By definition, a constructive discharge occurs when a company makes a person’s working conditions so intolerable (such as through harassment or discrimination) that the worker feels compelled to resign. Federal law says that if an employee in the private sector wants to pursue a legal case, they must file a charge of harassment, discrimination or constructive discharge with the EEOC within 180 days from the day the illegal act took place; this deadline is extended to 300 calendar days if a state or local agency enforces a law that prohibits employment discrimination or harassment on the same basis. The time period is shortened to a very brief 45 days for any federal employee.
In the latest case, the Supreme Court was asked to consider what constitutes the last act of discrimination or harassment, as in when does the clock start running towards this calendar deadline to file suit?
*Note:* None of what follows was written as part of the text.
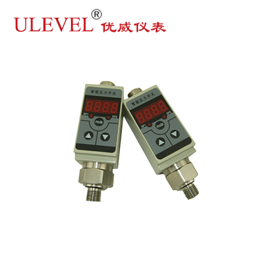 UVPK系列壓力開關(guān)是集壓力測量、顯示、控制與一體的智能數(shù)顯壓力控制產(chǎn)品。該產(chǎn)品為全電子結(jié)構(gòu),前端采用帶隔離膜片的壓阻式壓力傳感器,輸出信號由高精度、低溫漂的放大器放大,傳送至高精度的A/D轉(zhuǎn)換器、換成微處理可以處理的數(shù)字信號,經(jīng)過運算處理的信號控制兩路繼電器,對控制系統(tǒng)壓力進行測量。該產(chǎn)品使用靈活、操作簡單、調(diào)試容易、安全可靠,廣泛應(yīng)用于水電、石油、化工、機械、液壓等行業(yè),對流體介質(zhì)的壓力進行測量和監(jiān)控。 |

They determined that the date the employee resigns – even if they stay in their job for several weeks thereafter – should mark the start of the clock.
The issue was broached after former postal worker, Marvin Green, sued the US Postal Service (USPS), claiming constructive discharge. Green claimed that he was denied a promotion in late 2009 on the grounds that he was African-American. He asserted that following this, his relationship with his employer soured and his supervisors eventually accused him of deliberately delaying the mail, which is considered a federal offense. On December 16, 2009, both Green and USPS signed an agreement in which the postal service agreed not to pursue criminal charges in exchange for Green either retiring or accepting a position elsewhere and for less pay. Green elected to retire and submitted his resignation on February 9, 2010 with an effective date of March 31.
On March 22, Green contacted an EEO counselor and alleged that he was constructively discharged. He then filed suit in a federal district court, which dismissed his charges on the basis that it was untimely because he failed to contact the counselor within the 45 days allotted to federal workers of the December date in which he signed the agreement with USPS. Green appealed, and the case eventually made its way to the Supreme Court, where they sided with him that the period begins on the date an employee resigns.
In its ruling, the court said that in such cases, the matter alleged to be discriminatory includes the discharge itself. Specifically, the court said a resignation is part of the elements of a constructive discharge claim, so without a resignation, the claim can’t even exist. Further, requiring that a complaint be filed before resignation occurs would ignore that an employee may not be in a position to leave his job immediately.
HR Morning notes that while this particular ruling is focused on the constructive discharge cases and their very restrictive timelines for filing, it is reasonable to suggest that it could also apply to state anti-discrimination and anti-harassment laws as well.